Duumviri: Detecting Trackers and Mixed Trackers with a Breakage Detector

TL;DR

Duumviri tackles the privacy risk from web trackers by integrating breakage detection into tracker detection and using differential features derived from rendering traces, enabling more precise blocking of non-mixed trackers and partial blocking of mixed trackers. It employs two classifiers—one for trackers and one for breakage—trained on carefully constructed, differential features; the breakage detector reduces misclassification errors that lead to page breakage. In evaluations on 15K pages for non-mixed trackers, it achieves an adjusted accuracy of $97.44\%$, and for mixed trackers, a conservative lower-bound of $74.19\%$, while uncovering 22 new trackers and 26 mixed trackers.

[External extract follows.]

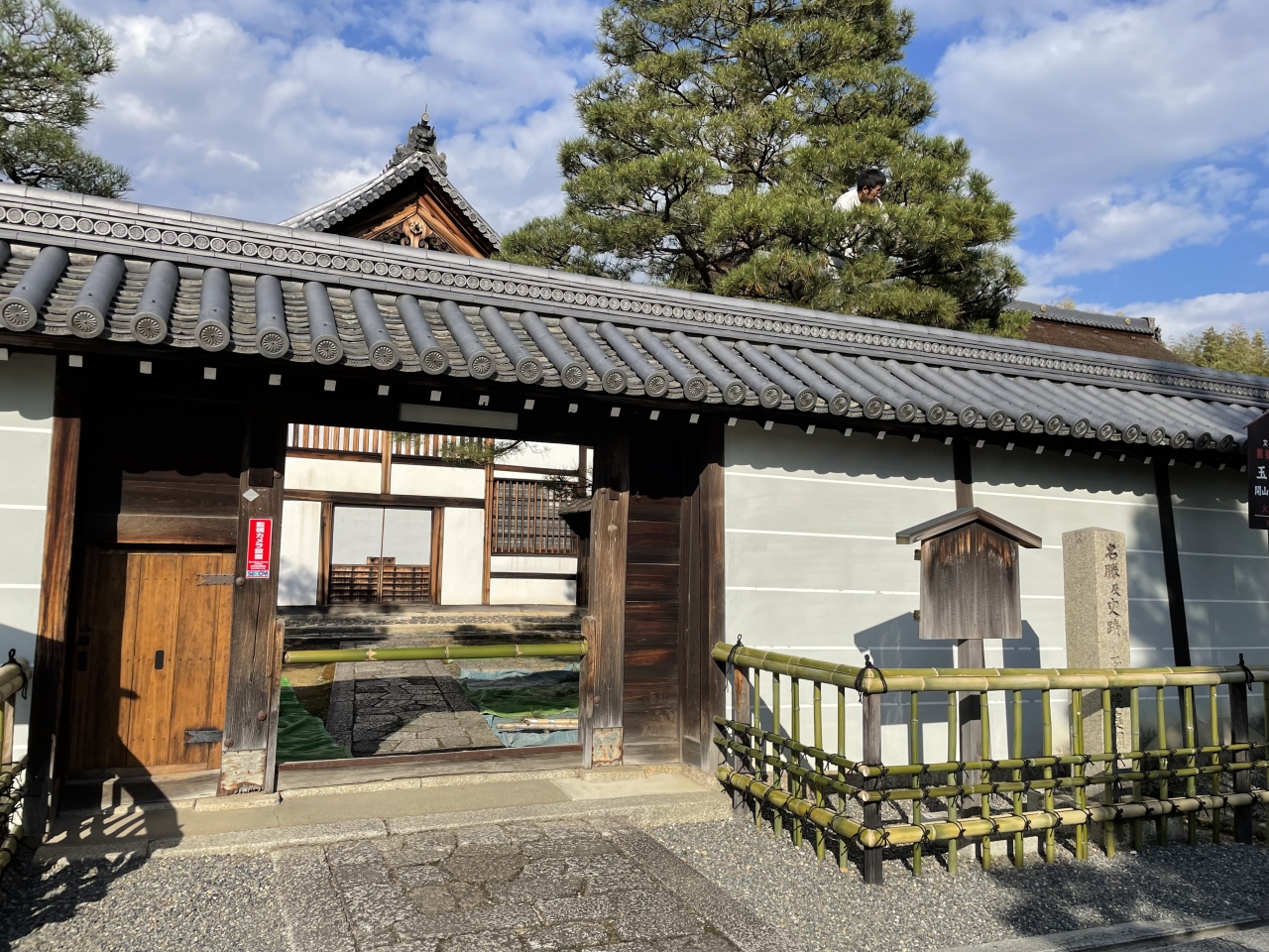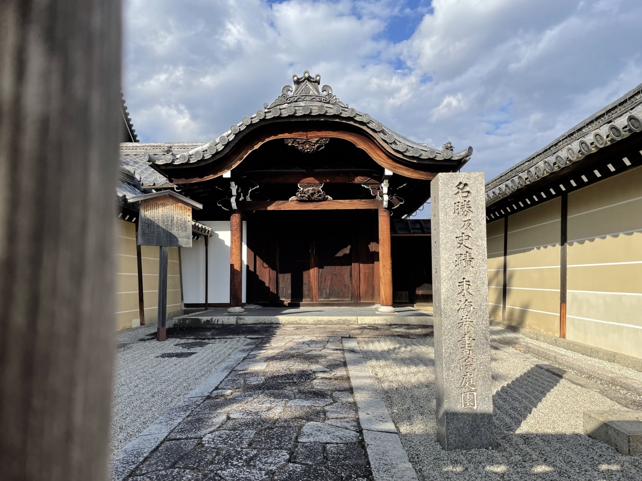 臨済宗妙心寺派の大本山である妙心寺の塔頭で、1645年姫路藩主・松平忠弘が父・忠明の菩提を弔うために創建されました。境内を北西に進んだ先にありますが、周囲は人通りもなくとても静かでした。妙心寺に多くある寺院と同様に、こちらも非公開で拝観できませんが、入口横から中に入って庭園を鑑賞することができました。

The work demonstrates practical utility by producing actionable rules, reporting findings to the community, and releasing artifacts to enable researchers and developers to accelerate privacy-preserving block-list improvements.

Abstract

Web tracking harms user privacy. As a result, the use of tracker detection and blocking tools is a common practice among Internet users. However, no such tool can be perfect, and thus there is a trade-off between avoiding breakage (caused by unintentionally blocking some required functionality) and neglecting to block some trackers. State-of-the-art tools usually rely on user reports and developer effort to detect breakages, which can be broadly categorized into two causes: 1) misidentifying non-trackers as trackers, and 2) blocking mixed trackers which blend tracking with functional components. We propose incorporating a machine learning-based breakage detector into the tracker detection pipeline to automatically avoid misidentification of functional resources. For both tracker detection and breakage detection, we propose using differential features that can more clearly elucidate the differences caused by blocking a request. We designed and implemented a prototype of our proposed approach, Duumviri, for non-mixed trackers. We then adopt it to automatically identify mixed trackers, drawing differential features at partial-request granularity. In the case of non-mixed trackers, evaluating Duumviri on 15K pages shows its ability to replicate the labels of human-generated filter lists, EasyPrivacy, with an accuracy of 97.44%. Through a manual analysis, we find that Duumviri can identify previously unreported trackers and its breakage detector can identify overly strict EasyPrivacy rules that cause breakage. In the case of mixed trackers, Duumviri is the first automated mixed tracker detector, and achieves a lower bound accuracy of 74.19%. Duumviri has enabled us to detect and confirm 22 previously unreported unique trackers and 26 unique mixed trackers.

Figures (5)

• Figure 1: An example of an exception rule used to 'fix' page breakage. When 'fender.com' fetches 'gretel.min.js' from 'cdn.cquotient.com'. This request is blocked as the domain is listed as a tracking server. However, the particular resource is used for legitimate web page functionality (product recommendation); blocking it causes missing page content. Privacy developers fix this issue by adding an exception rule that makes an exception for 'fender.com' github_commit_fixing.
• Figure 2: 1) Duumviri visits a page using two instrumented browser instances capable of produce a rendering trace. Both instances share a network cache. 2) Duumviri conducts differential analysis on the page instances and draws differential features independently for its detectors. 3) the detectors take the features and make predictions. The predictions determine if the potential tracker is added to the filter list.
• Figure 3: Duumviri discovered EasyPrivacy-caused site breakage on 'ero-advertising.com'.
• Figure 4: Duumviri discovered mixed tracker on 'myblogguest.com'.
• Figure 5: A Duumviri identified tracker on 'focus.de' with file-level header comment that leads to external documentation.